К тому времени мы уже гурьбой шли по городским улицам и горланили под балконами то неприличных заведений, то роскошных дворцов, дожидаясь, пока не покажется в окне юная красотка и не улыбнется нам или почтенная матрона нас не выбранит.

Сандро Боттичелли юлил между мной и Лоренцо, подхватив нас обоих под руки.

– Найдутся ли у тебя на сегодня новые вирши? – осведомился он.

– Так, пара строчек, – скромно ответствовал Лоренцо.

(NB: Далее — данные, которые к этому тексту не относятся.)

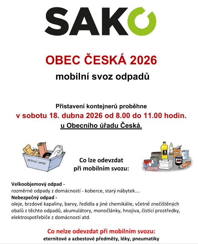 Sběr velkoobjemového a nebezpečného odpadu jaro 2026
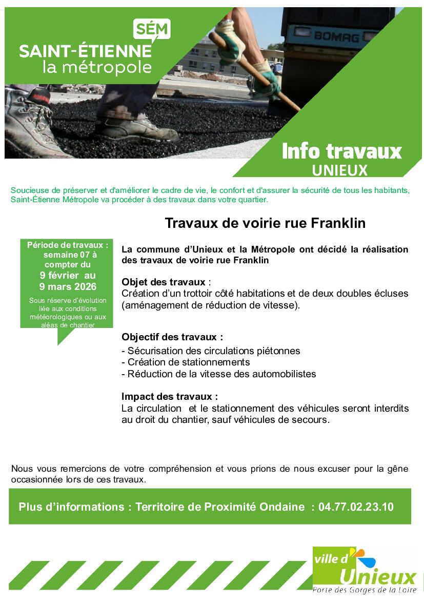 🚧 Travaux de voirie – Rue Franklin 🚧

– Значит, целый эпический опус, – поддразнил Сандро и заявил мне:

– Ты знаешь, он ведь у нас искусник сочинять сонеты!

– Неужели? – улыбнулась я.

– Еще желторотым юнцом он написал их прорву, – заверил меня Боттичелли. – Любовные стансы, посвященные прекраснейшей из флорентиек. Донельзя слащавые стишки!

– Тьфу на тебя! – рассмеялся Лоренцо, пихнув Сандро в бок, и вдруг велел:

– Стойте!

Вся компания тут же повиновалась, словно военный отряд своему старшине. Лоренцо трепетным голосом, более проникнутым страстью, нежели мелодией, затянул посвящение, обращенное к закрытым окнам третьего этажа:

 

До чего ж прекрасна юность,

Скоротечна и кратка…

 

Остальные хором подхватили за ним припев. Не успели они допеть до конца, как окно отворилось и на балкон вышла очень миловидная молодая женщина, несмотря на ночную прохладу, в одном только платье. Над узким корсетом вздымались молочно‑белые пышные груди, озаренные лунным сиянием.

– Кто пропел мне серенаду? – обратилась она к нестройно голосящей толпе под своим балконом. Все в компании тут же притихли. – Ну же, назовитесь! Я что‑то не различу вашего лица, но так хрипло каркать может только кто‑то из Медичи!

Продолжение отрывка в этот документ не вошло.